INVESTIGADORES
KRAPOVICKAS Veronica
congresos y reuniones científicas
Título:
Desert systems, climate change, and trace fossils
Autor/es:
KRAPOVICKAS, V.; MÁNGANO M.G.; BUATOIS, L.; MARSICANO, C.A.
Reunión:
Congreso; Fourth International Congress on Ichnology (ICHNIA); 2016
Resumen:
Desert settings consist of complex mosaics of habitats or physical units associated with organism activity. Trace-fossil distribution can be understood as reflecting the partitioning of desert settings in a mosaic of landscape units, characterized by water content and its temporal fluctuations, nutrient availability, nature of the substrate, and the dominant organisms present.
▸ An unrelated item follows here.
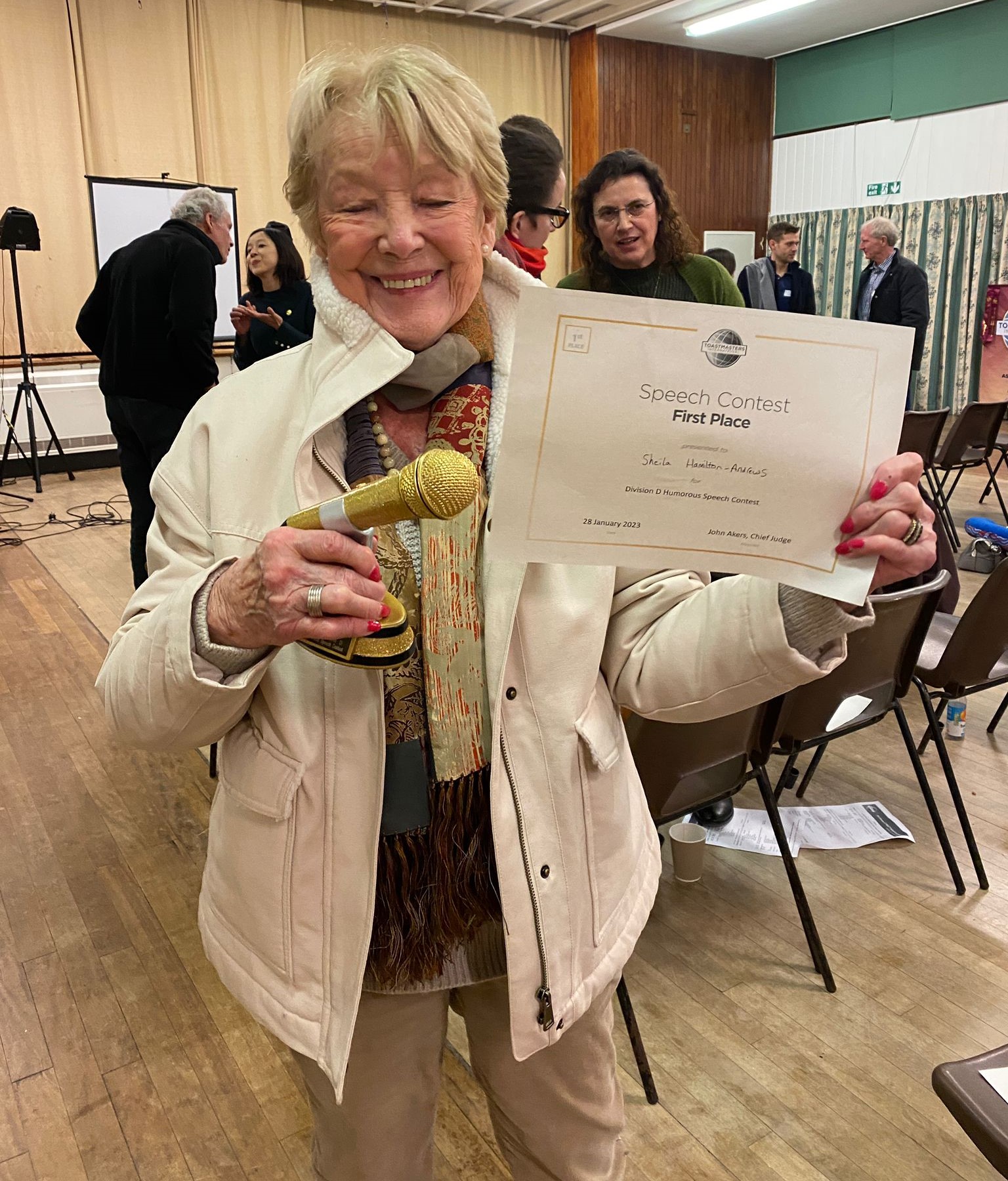 We’re delighted that Sheila Hamilton Andrews’ humorous speech about graffiti got her a place in the finals this May in London. Amanda Bouch competed in the Evaluation contest to get through.

In turn, desert systems are dynamic entities that change as a response to regional climate. Landscape units, such as eolian sand seas, salt flat and playa lake systems, ephemeral rivers and alluvial fans, interact in response to regional-scale climate variations in hyper-arid, arid, and semiarid climatic settings. Ancient deserts completely developed under hyper-arid climatic conditions rarely preserve ichnofossils due to the absence of moisture near the surface. The alternation of wet periods may represent windows for life development and thus, preservation of biogenic structures. Arid deserts display complex patterns of dunes combined with dry, wet, and flooded interdunes. Dry desert elements (e.g. dunes, interdunes, sand sheets) typically record the Entradichnus-Octopodichnus and Chelichnus Ichnofacies. Slight rises in regional precipitation produce elevation of the water table and increase of fluvial discharges that provide water and sediment to the system. These processes may result in the local concentration of ichnofossils in wet interdunes and ephemeral fluvial systems, illustrating the Scoyenia and Chelichnus Ichnofacies. In semiarid systems playa lakes expand by the addition of freshwater, evolving into freshwater lakes, and fluvial systems may become more common; lake margins and fluvial overbanks typically contain trace-fossil assemblages that may be ascribed to the Scoyenia Ichnofacies.